▸ **Work task**: Copy the records that follow exactly as written, but not their pictures.

▸ **Saved data entries**:
────

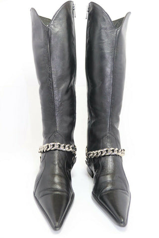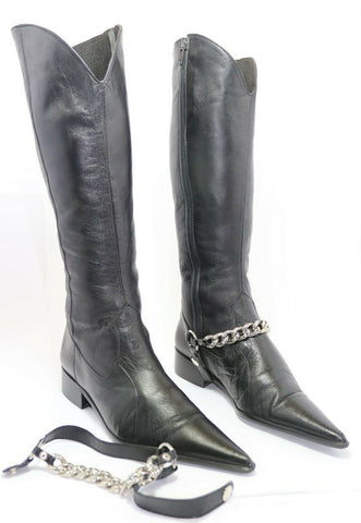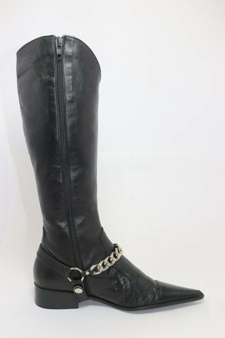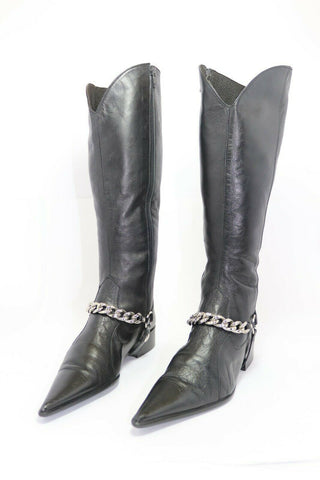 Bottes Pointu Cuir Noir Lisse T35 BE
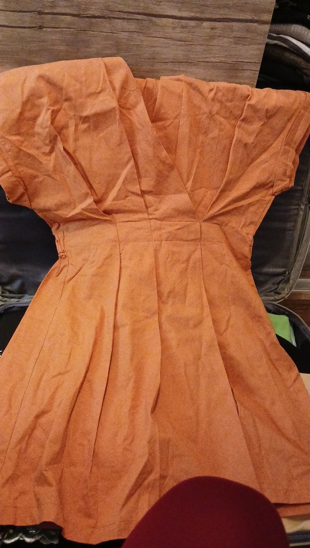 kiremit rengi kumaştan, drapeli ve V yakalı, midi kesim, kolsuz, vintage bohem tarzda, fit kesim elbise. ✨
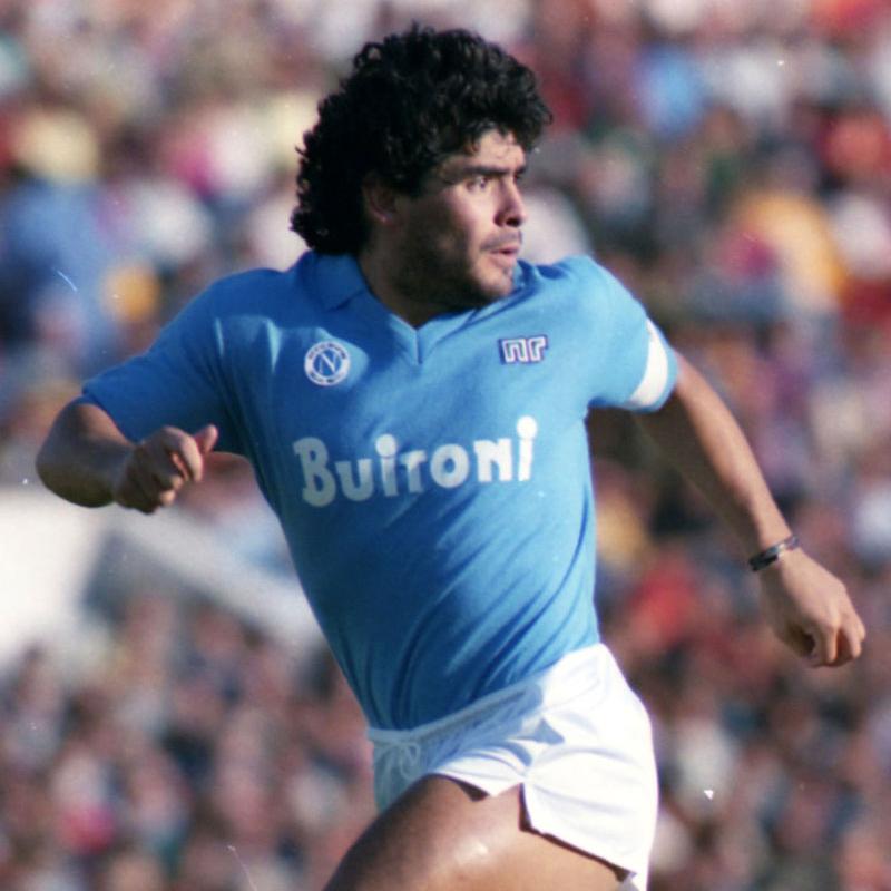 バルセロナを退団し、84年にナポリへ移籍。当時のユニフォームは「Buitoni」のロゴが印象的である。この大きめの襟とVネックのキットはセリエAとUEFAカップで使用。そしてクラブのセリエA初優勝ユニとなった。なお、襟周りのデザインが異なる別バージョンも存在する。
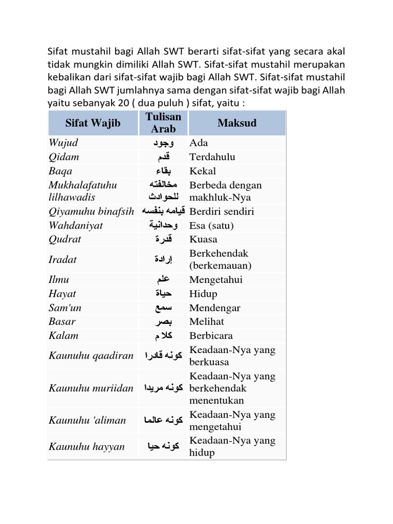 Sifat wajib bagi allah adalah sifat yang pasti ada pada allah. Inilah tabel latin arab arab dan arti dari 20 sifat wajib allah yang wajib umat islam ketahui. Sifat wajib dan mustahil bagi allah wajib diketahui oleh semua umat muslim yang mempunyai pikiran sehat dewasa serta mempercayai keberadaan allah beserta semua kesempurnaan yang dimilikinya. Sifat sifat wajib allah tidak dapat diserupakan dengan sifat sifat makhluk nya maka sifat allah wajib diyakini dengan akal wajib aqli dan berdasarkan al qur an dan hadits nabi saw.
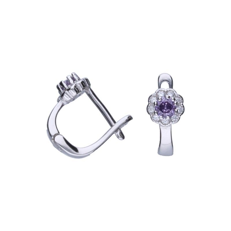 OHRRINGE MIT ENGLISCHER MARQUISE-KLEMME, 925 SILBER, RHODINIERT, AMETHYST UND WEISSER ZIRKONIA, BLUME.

────

▸ **Solution**:
 Bottes Pointu Cuir Noir Lisse T35 BE
 kiremit rengi kumaştan, drapeli ve V yakalı, midi kesim, kolsuz, vintage bohem tarzda, fit kesim elbise. ✨
 バルセロナを退団し、84年にナポリへ移籍。当時のユニフォームは「Buitoni」のロゴが印象的である。この大きめの襟とVネックのキットはセリエAとUEFAカップで使用。そしてクラブのセリエA初優勝ユニとなった。なお、襟周りのデザインが異なる別バージョンも存在する。
 Sifat wajib bagi allah adalah sifat yang pasti ada pada allah. Inilah tabel latin arab arab dan arti dari 20 sifat wajib allah yang wajib umat islam ketahui. Sifat wajib dan mustahil bagi allah wajib diketahui oleh semua umat muslim yang mempunyai pikiran sehat dewasa serta mempercayai keberadaan allah beserta semua kesempurnaan yang dimilikinya. Sifat sifat wajib allah tidak dapat diserupakan dengan sifat sifat makhluk nya maka sifat allah wajib diyakini dengan akal wajib aqli dan berdasarkan al qur an dan hadits nabi saw.
 OHRRINGE MIT ENGLISCHER MARQUISE-KLEMME, 925 SILBER, RHODINIERT, AMETHYST UND WEISSER ZIRKONIA, BLUME.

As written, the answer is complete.